Рита Степанчикова была счастлива, когда Гуркин переключился на Зайцеву.
— А то мне казалось, что у вас что-то такое продолжается с шестого класса, — сказала она, — знаешь, такая любовь-война.
— Сама придумала, — охладила я ее, — или пробавляешься цитатами из своей тетрадки?
Тетрадка Степанчиковой общеизвестна: мудрые мысли, афоризмы, кто, что и когда сказал. Начинается тетрадка с известного афоризма: «Человек — это звучит гордо» (Сатин). Фамилия в скобках пугает меня.

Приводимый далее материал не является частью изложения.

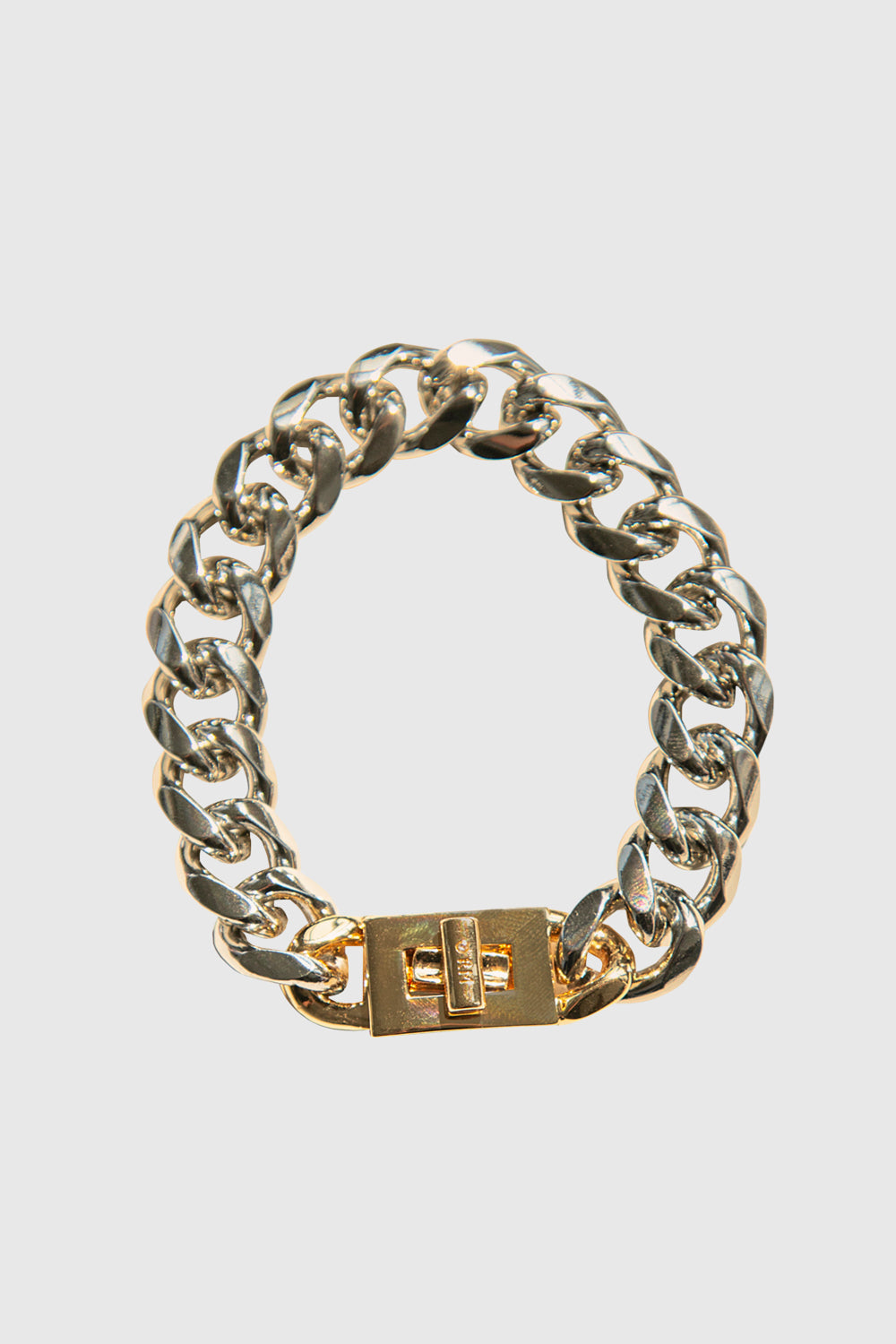 Vintage vibes. This chunky curb chain bracelet is crafted from a polished mix of silver and gold and features a padlock closure for a retro look.

— Ритуля, нельзя быть такой буквоедкой, — умоляю я, — это уже не цитата, а крылатые слова, и они принадлежат Горькому.
— Сатин тоже принадлежит Горькому, — сражает меня своей железной логикой Степанчикова, — и Горький любил его, сочувствовал, ведь это не вина Сатина, что он докатился до ночлежки.
Мне не хочется спорить со Степанчиковой, то, что она вписала в свою тетрадку, обсуждению не подлежит. Но мне надоело быть на поводу то у мамы, то у класса, не говоря уже о классиках литературы, и я говорю:
— Все равно эти слова лучше бы сказать другому герою. Это было бы справедливей.
— У тебя претензии к Горькому?
— Представь себе!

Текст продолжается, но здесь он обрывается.